I use the following function to plot feature importance of my model.
def plot_feature_importance(imp_df):
imp_df.columns = ['feature', 'feature_importance']
plt.figure(figsize=(15,16))
b = sns.barplot(x = 'feature_importance', y ='feature', data = imp_df, orient = 'h', color = 'royalblue')
b.set_xlabel("feature importance", fontsize=30)
b.set_ylabel("feature", fontsize=30)
b.tick_params(labelsize=26)
plt.title("Random Forest feature importace", fontsize=35)
#plt.xlabel('feature_importances', fontsize=16)
#plt.ylabel('feature', fontsize=16)
plt.tight_layout()
And I call it whensoever I plot feature importance.
But the problem is that I want to maintain consistent scaling on the x-axis
. So for example, calling the function on these two models.
data1 =\
{'feature': ['sp_max', 'sp_p85', 'sp_mean', 'sp_std', 'sp_p75', 'sp_iqr', 'sp_median', 'sp_mad', 'sp_p25', 'br_p85', 'jk_std', 'ac_std', 'sp_min',
'jk_min', 'jk_p85', 'ac_mad', 'jk_max', 'jk_p75', 'ac_p85', 'br_p75', 'br_iqr', 'ac_mean', 'br_std', 'ac_max', 'jk_iqr', 'ac_min',
'br_mean', 'ac_p25', 'ac_iqr', 'jk_mad', 'ac_p75', 'jk_mean', 'br_max', 'jk_p25', 'jk_median', 'br_median', 'ac_median', 'br_mad', 'br_p25', 'br_min'],
'feature_importance': [0.0713905329, 0.0614052325, 0.0537031799, 0.0522208471, 0.0447700292, 0.0365220941, 0.0338786688, 0.0315128429,
0.0313193327, 0.0302328929, 0.0277040796, 0.0250055989, 0.0246700799, 0.0241926779, 0.0231924589, 0.0230042172,
0.0217812924, 0.0211596946, 0.0209208033, 0.020761991, 0.0199109668, 0.0195804683, 0.0194071674, 0.0192247004,
0.0191562826, 0.0190183126, 0.0187932756, 0.0187916575, 0.0186561271, 0.0185529459, 0.0182522133, 0.0178571215,
0.0172595608, 0.0161357392, 0.0135001044, 0.0129659029, 0.0121831595, 0.0114491594, 0.00994391099, 1.2677449e-05]}
feature_importance1 = pd.DataFrame(data1)
# function call
plot_feature_importance(feature_importance1)

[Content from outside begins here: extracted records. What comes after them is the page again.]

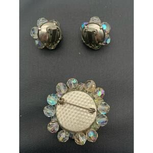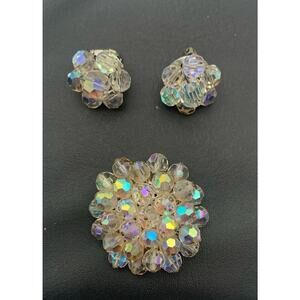 Vintage Aurora Borealis Brooch And Clip On Earring Lot Set Unmarked
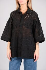 Рубашка черного цвета свободного кроя из шитья
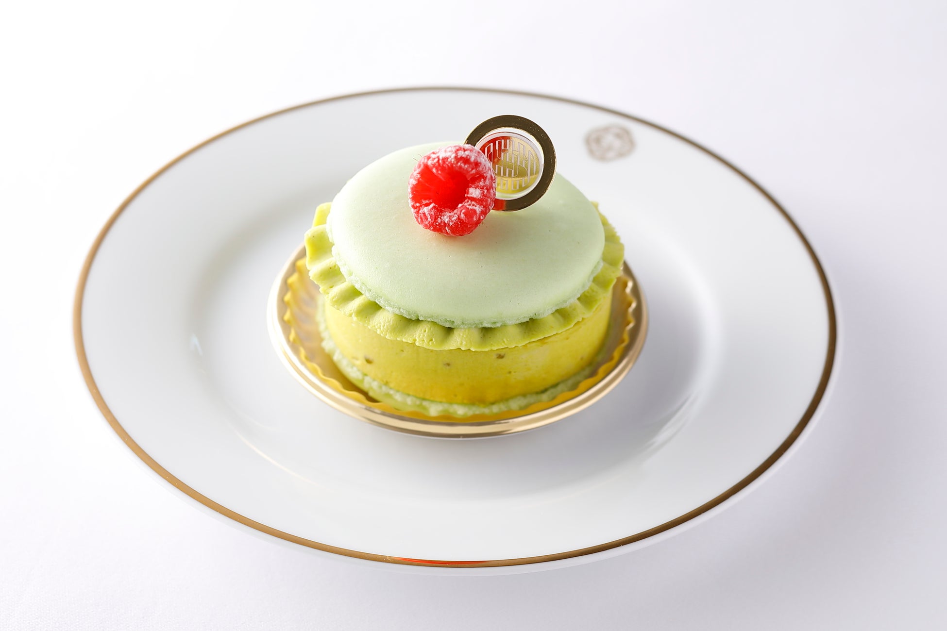 香り高いピスタチオ入りムースリーヌ(バター入りカスタードクリーム)にピスタチオシャンティを合わせ、ラズベリージュレをサンドした春らしいマカロンのケーキです。
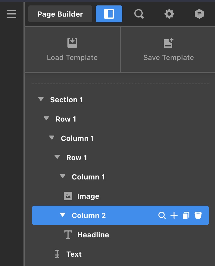 Thanks for writing in! You can insert a 4 column row inside a Section element. You can then nest a Row inside a Column so that you can insert an Image and a Headline Text. And then a Text element below it. You may have something like this:
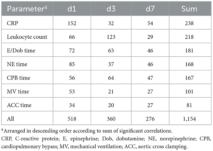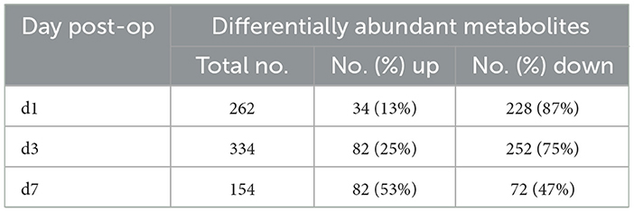 Results: Out of 1,019 detectable analytes, 970 passed the quality screen and were included in the analysis. With respect to d0, the greatest degree of change in metabolite populations occurred by d1, but substantial changes persisted through d7. Metabolites could be classified into those which were predominantly downregulated (e.g., triglycerides, bile acids, cholesterol esters, lysophosphatidylcholines, indoles and derivatives), up- or downregulated (e.g., phosphatidylinositol, phosphatidylethanolamines, phosphatidic acids, ceramides), or upregulated (free fatty acids, monoglycerides). Concentrations of food- and/or microbiota-derived metabolites (indole derivatives, trimethylamine N-oxide, trigonelline) were markedly reduced, particularly on d1 and d3. Changes in metabolite concentrations correlated most strongly with plasma C-reactive protein concentration (r = −0.67 to 0.59) and blood leukocyte count (−0.63 to 0.32) and less with intra-operative (−0.62 to 0.50) and ICU care (−0.52 to 0.38) parameters. Of note, neither C-reactive protein (CRP) nor leukocyte count correlated significantly with an intra-operative or ICU parameter.
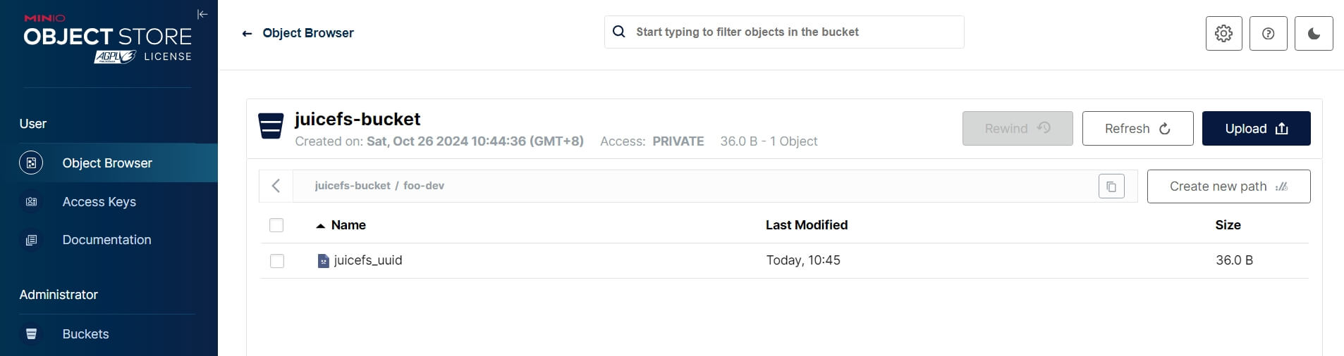 • 这些都是 volume 本地文件,不会上传到 MinIO。此时,MinIO juicefs-bucket 里面还是只有一个 uuid 文件。

And a call to the second model:
data2 =\
{'feature': ['trip-distance', 'sp_max', 'sp_p85', 'sp_std', 'sp_mean', 'sp_p75', 'sp_iqr', 'sp_median', 'br_p85', 'sp_mad', 'sp_p25',
'jk_std', 'jk_p85', 'sp_min', 'ac_std', 'jk_min', 'ac_mad', 'jk_p75', 'br_p75', 'ac_p85', 'br_iqr', 'jk_mad', 'jk_max',
'jk_iqr', 'ac_p25', 'ac_p75', 'ac_iqr', 'ac_mean', 'ac_min', 'br_std', 'ac_max', 'br_mean', 'jk_p25', 'jk_mean', 'br_max',
'jk_median', 'br_median', 'ac_median', 'br_mad', 'br_p25', 'br_min'],
'feature_importance': [0.179681943, 0.0626488215, 0.0548207093, 0.0465467404, 0.0462552278, 0.0393529557, 0.0310985549, 0.0298559465,
0.0257461545, 0.0254299245, 0.0247697614, 0.0215061763, 0.019717727, 0.0193190652, 0.0192614463, 0.0191363098,
0.0187974266, 0.0179852664, 0.0178322731, 0.0172595835, 0.0169402994, 0.0160361741, 0.016030292, 0.0159925654,
0.014725113, 0.0146868079, 0.0143054259, 0.0142270777, 0.0139906464, 0.0138775454, 0.0138539903, 0.0134992019,
0.0131361466, 0.0129263598, 0.0122852486, 0.0104203687, 0.0101486977, 0.00985276389, 0.00931697107, 0.00671582934,
1.04610595e-05]}
feature_importance2 = pd.DataFrame(data2)
# function call
plot_feature_importance(feature_importance2)
Perfect! But I want to maintain consistent scale, in a 2-decimal format (as in the first plot).